Collection entries:
::::

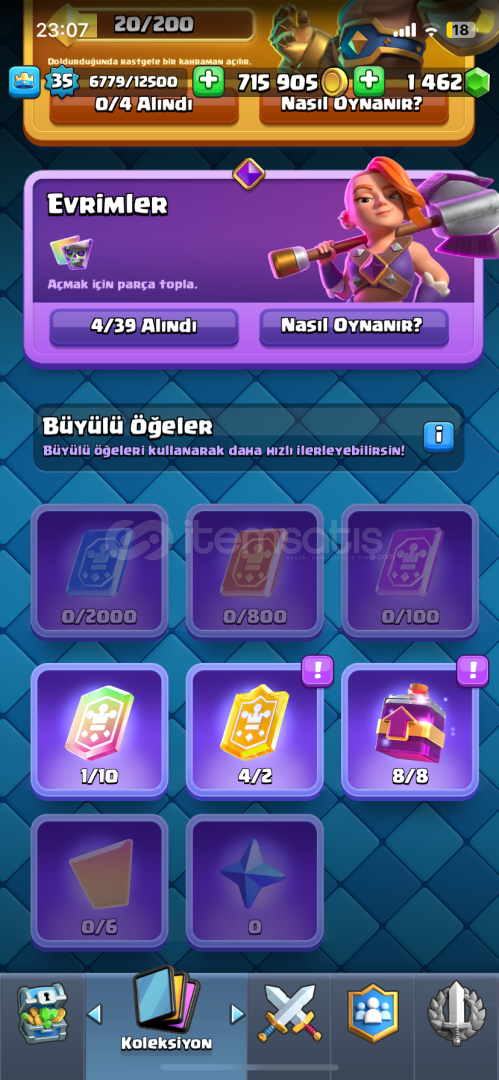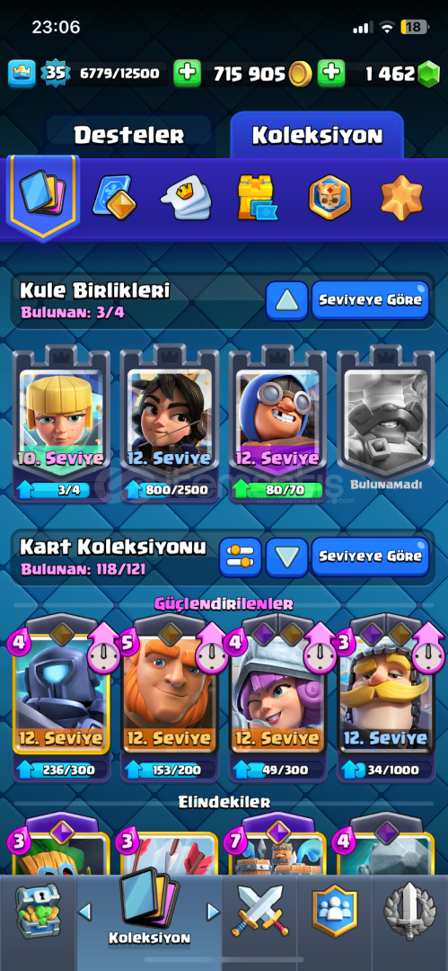 ⭐️7600 Kupa 118 Kart+4 Evrim+1400 Taş⭐️
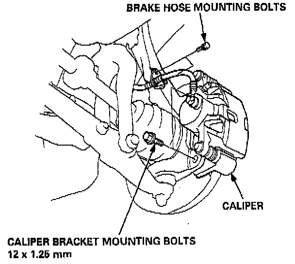 6. Remove the caliper bracket mounting bolts, and hang the caliper to one side.
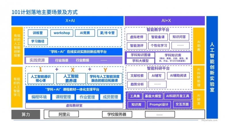 和鲸科技在人工智能与数据科学领域深耕多年,参与了数百所高校交叉学科的建设,并于 2024 年 5 月全新发起“101 数智领航计划”,整合和鲸社区近十年积累的多学科实践资源、ModelWhale 教研训一体化平台和智谱 AI 大模型,打造 AI 创新虚拟实验室,帮助高校解决“学科+人工智能”的落地难题,培养创新型高质量人才,推动创新成果产出。
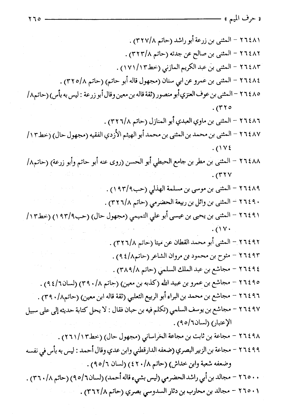 26487 - المثنى بن محمد بن المثنى بن محمد أبو الهيثم الأزدي الفقيه (مجهول حال) (خط 13/ 174).
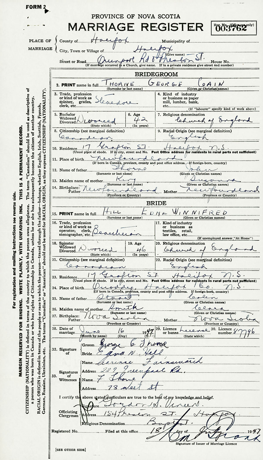 28. Date of marriage June 16 1947 29. By license or banns License 30. License number 87796
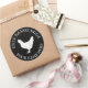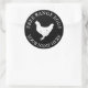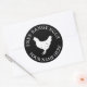 Sticker classique rond à oeufs frais à la ferme de gamme libre silhouette de poulet. Design vintage avec silhouette d'animal de ferme et modèle de typographie rustique. Ajoutez votre propre nom d'entreprise, votre propriété ou votre devis personnalisé. Idéal pour vendre des oeufs, de la viande de volaille, des entreprises agricoles, un restaurant, un marché, une épicerie locale et plus encore. Couleurs noir et blanc personnalisables.
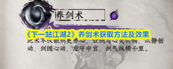 以上就是《下一站江湖2》养剑术获取方法及效果,更多相关攻略,请关注pk游戏网更新!
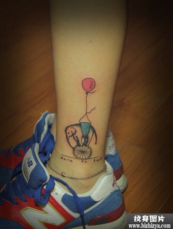 小腿走钢丝的大象图案图片_腿部纹身图案大全_纹身图吧
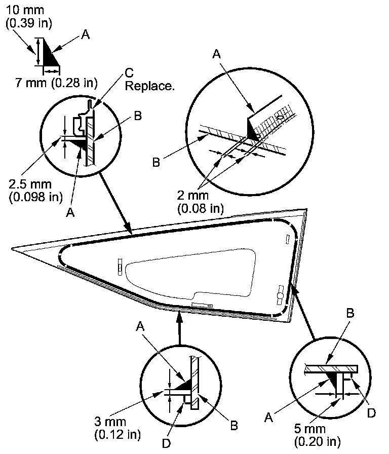 16. Pack adhesive into the cartridge without air pockets to ensure continuous delivery. Put the cartridge in a caulking gun, and run a continuous bead of adhesive (A) around the edge of the quarter glass (B) and along the molding (C) and the rubber dam (D) as shown.
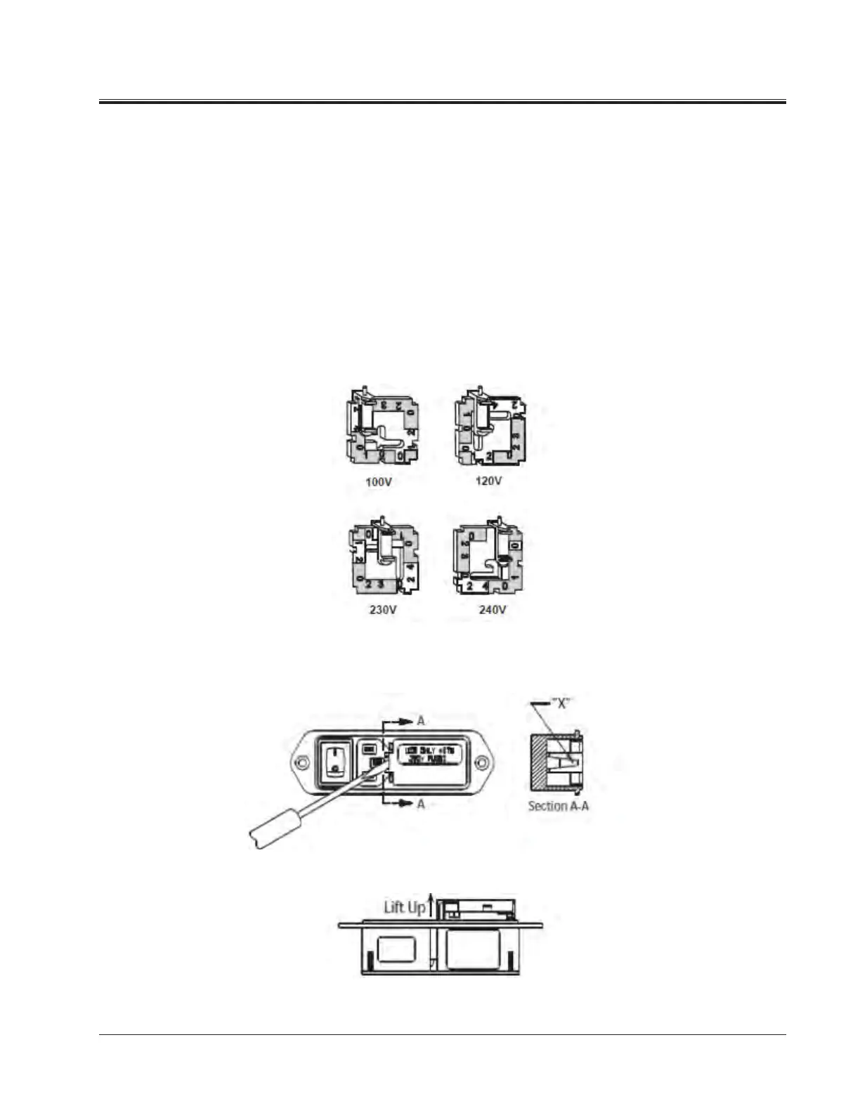 To change selected voltage: open cover, using small blade screwdriver or similar
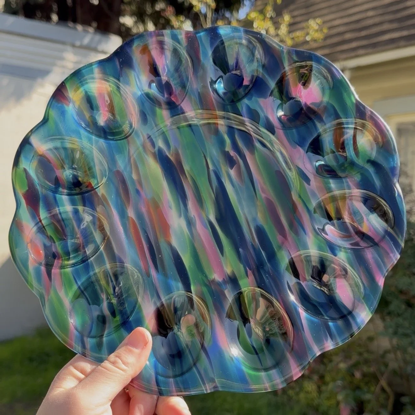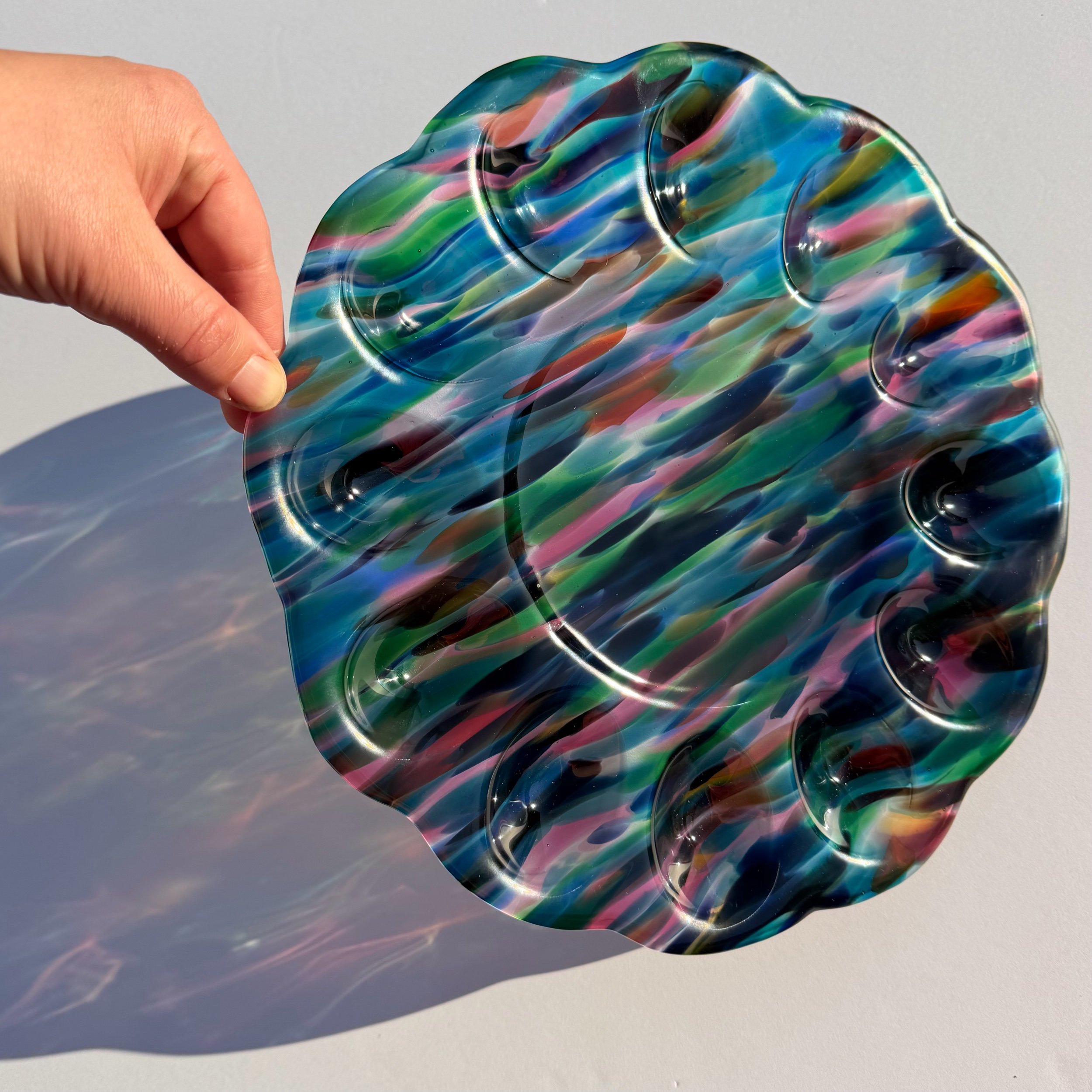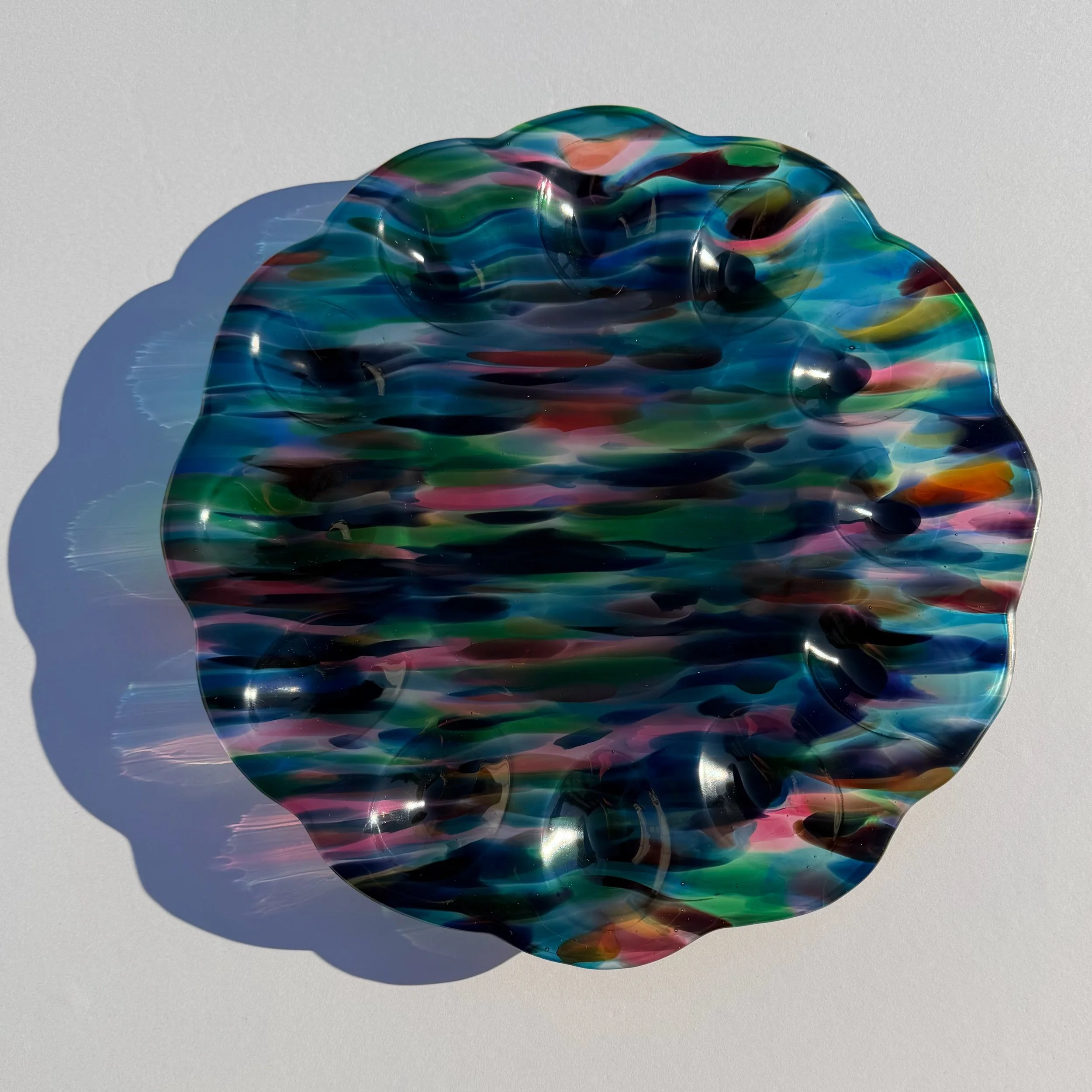 Plate measures 11-1/2" in diameter and 3/4" deep. Each piece is handmade, variations in color, size, and thickness are to be expected, as are bubbles and minor impurities—they’re part of the glassblowing process and contribute to the uniqueness of each item. Photos are a representation of color, actual pattern may have some variation. Hand wash only.

::::

▶ **Aim of the exercise**: Word for word, write out the lines above running from the one with "以上就是《下一站江湖2》养剑" up to and including the one with "To change selected". Drop any picture.

▶ **Answer to this task**:
 以上就是《下一站江湖2》养剑术获取方法及效果,更多相关攻略,请关注pk游戏网更新!
 小腿走钢丝的大象图案图片_腿部纹身图案大全_纹身图吧
 16. Pack adhesive into the cartridge without air pockets to ensure continuous delivery. Put the cartridge in a caulking gun, and run a continuous bead of adhesive (A) around the edge of the quarter glass (B) and along the molding (C) and the rubber dam (D) as shown.
 To change selected voltage: open cover, using small blade screwdriver or similar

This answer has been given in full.